A large proportion of GABAergic inputs to hippocampal INs are of local origin from other INs that have no target selectivity (e.g., basket cells; Ribak, 1978) or from the three types of ISIs (Acsády et al., 1996a,b; Gulyás et al., 1996). Indeed, INs that primarily target pyramidal cells form a small fraction of synapses (5–15% of total contacts) with other GABAergic neurons of the same or different subtype (Buhl et al., 1995; Sik et al., 1995; Cobb et al., 1997; Bartos et al., 2001; Ali, 2007; Karson et al., 2009).
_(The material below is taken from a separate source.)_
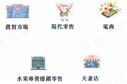 通常,终端消费者可以从以下5个渠道购买水果:农贸市场、现代零售、电商、水果专营连锁零售、水果夫妻店。

In addition, ISIs preferentially innervate the dendrites of other GABAergic cells, providing a highly selective control over local inhibitory circuits (Acsády et al., 1996a,b). Here, we targeted local inhibitory inputs to O–LM INs using optical mapping approach, a powerful technique that allows to investigate connectivity between different types of neurons (Callaway and Katz, 1993; Dantzker and Callaway, 2000; Shepherd et al., 2003; Brill and Huguenard, 2009; Xu and Callaway, 2009). We found that type III ISIs provide one of the major sources of local inhibition to O–LM INs. Indeed, we did not observe other types of PYR/RAD INs to be connected to O–LM cells. Furthermore, we found that type III ISIs demonstrated an irregularly spiking firing pattern with passive and active membrane properties being similar to those of other types of hippocampal INs.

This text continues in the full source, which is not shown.